Dataset content:

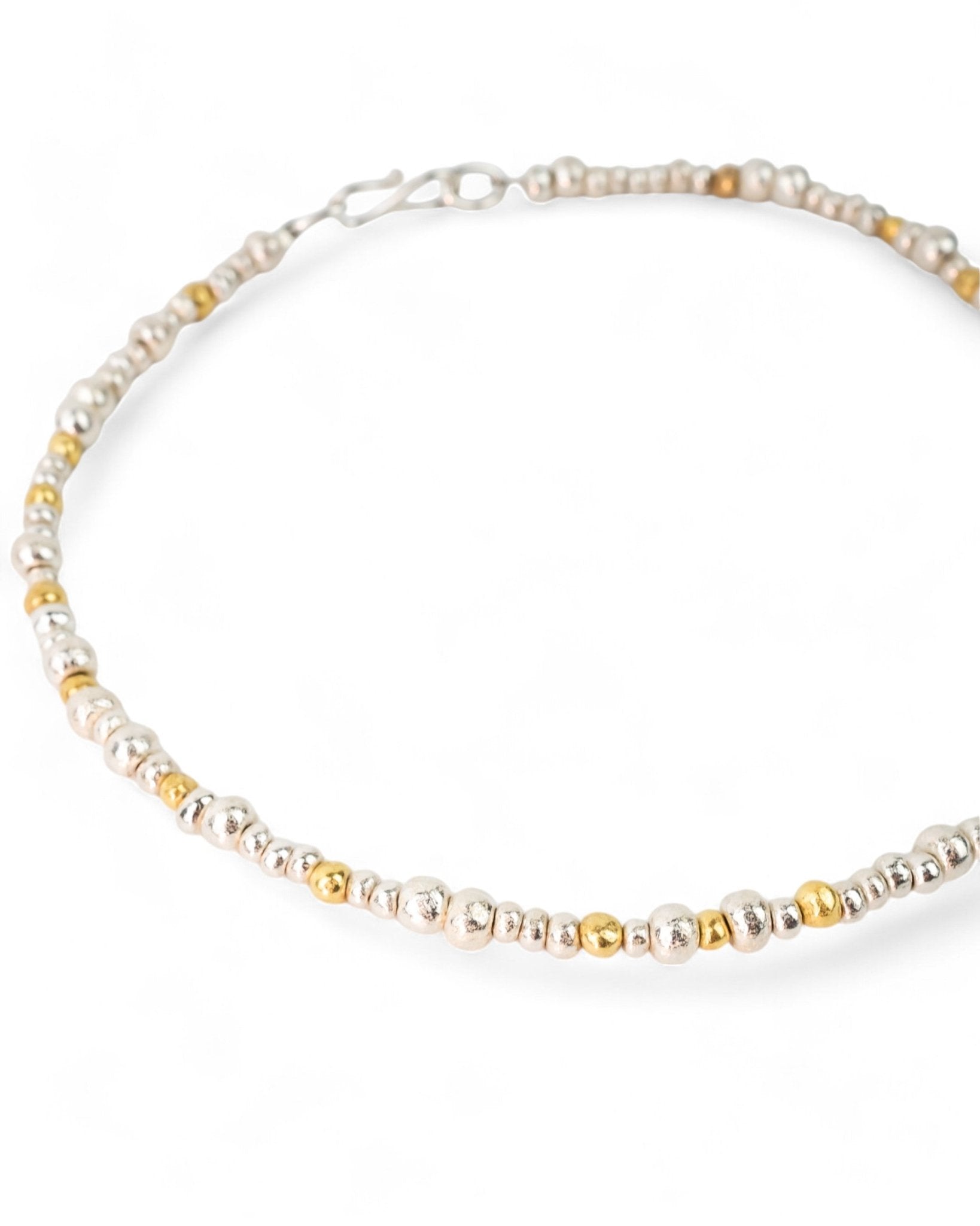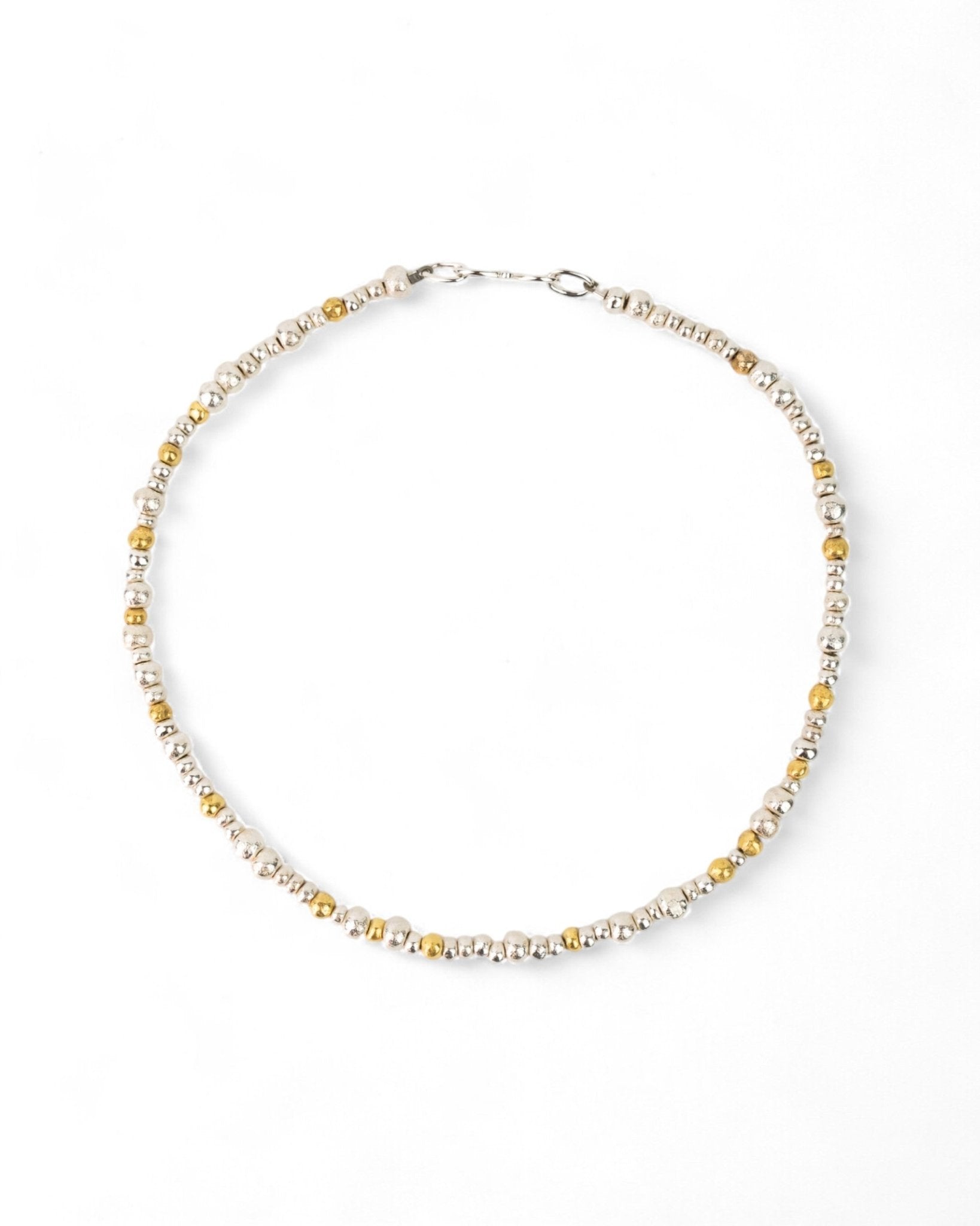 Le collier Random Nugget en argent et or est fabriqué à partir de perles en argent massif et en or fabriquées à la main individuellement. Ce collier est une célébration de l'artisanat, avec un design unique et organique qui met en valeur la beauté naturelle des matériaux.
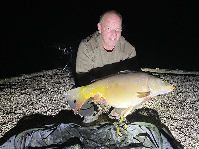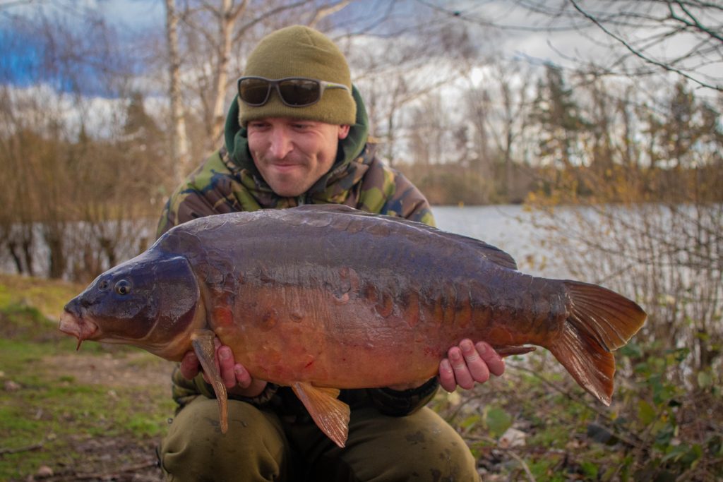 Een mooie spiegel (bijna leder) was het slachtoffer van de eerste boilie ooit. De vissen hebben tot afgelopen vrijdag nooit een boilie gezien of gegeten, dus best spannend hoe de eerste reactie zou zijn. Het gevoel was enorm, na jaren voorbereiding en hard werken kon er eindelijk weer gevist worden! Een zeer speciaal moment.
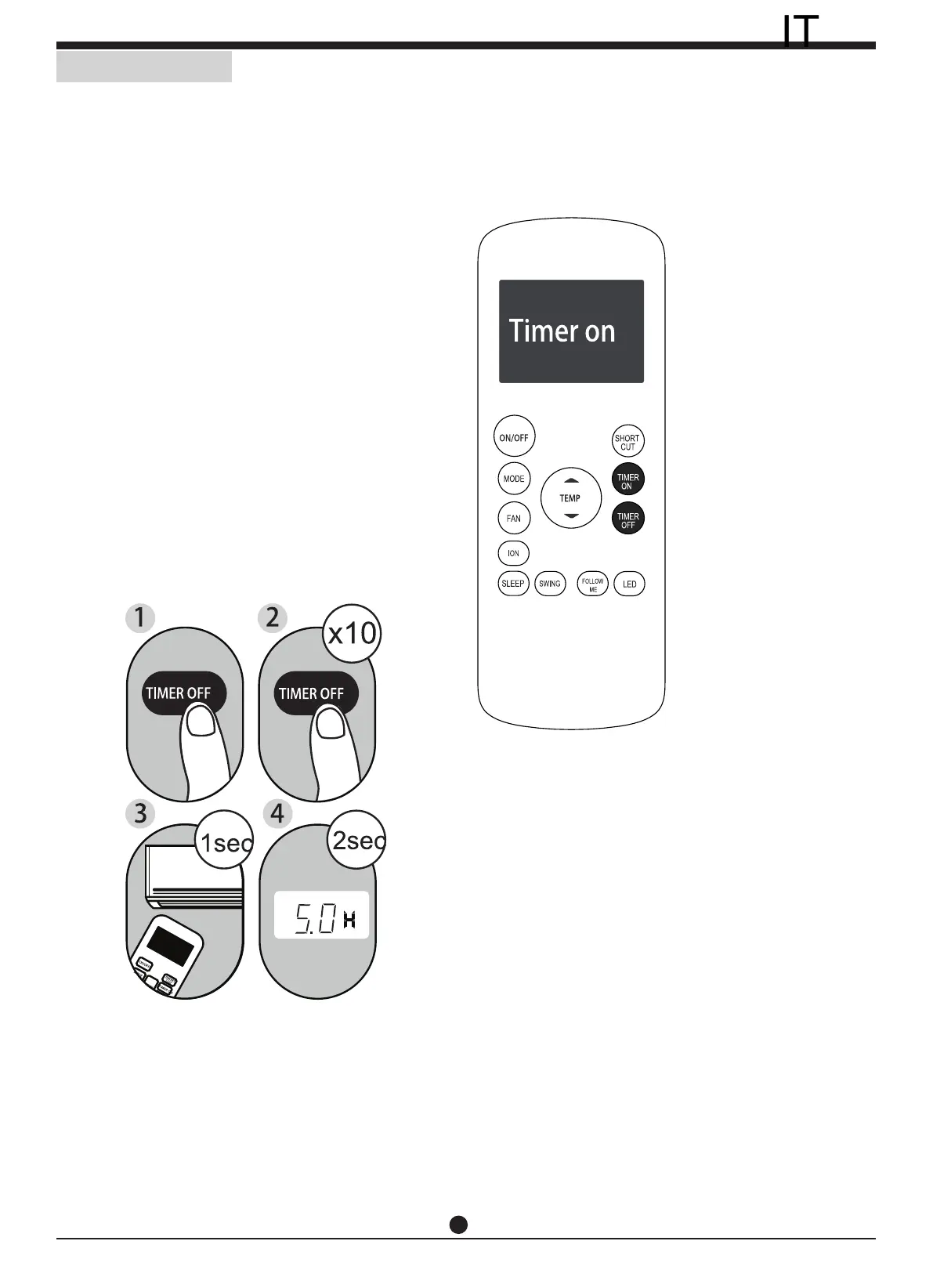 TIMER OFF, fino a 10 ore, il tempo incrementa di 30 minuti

Try it:
Your copy of the material above should be exact and free of pictures.

Answer to the problem:
 Le collier Random Nugget en argent et or est fabriqué à partir de perles en argent massif et en or fabriquées à la main individuellement. Ce collier est une célébration de l'artisanat, avec un design unique et organique qui met en valeur la beauté naturelle des matériaux.
 Een mooie spiegel (bijna leder) was het slachtoffer van de eerste boilie ooit. De vissen hebben tot afgelopen vrijdag nooit een boilie gezien of gegeten, dus best spannend hoe de eerste reactie zou zijn. Het gevoel was enorm, na jaren voorbereiding en hard werken kon er eindelijk weer gevist worden! Een zeer speciaal moment.
 TIMER OFF, fino a 10 ore, il tempo incrementa di 30 minuti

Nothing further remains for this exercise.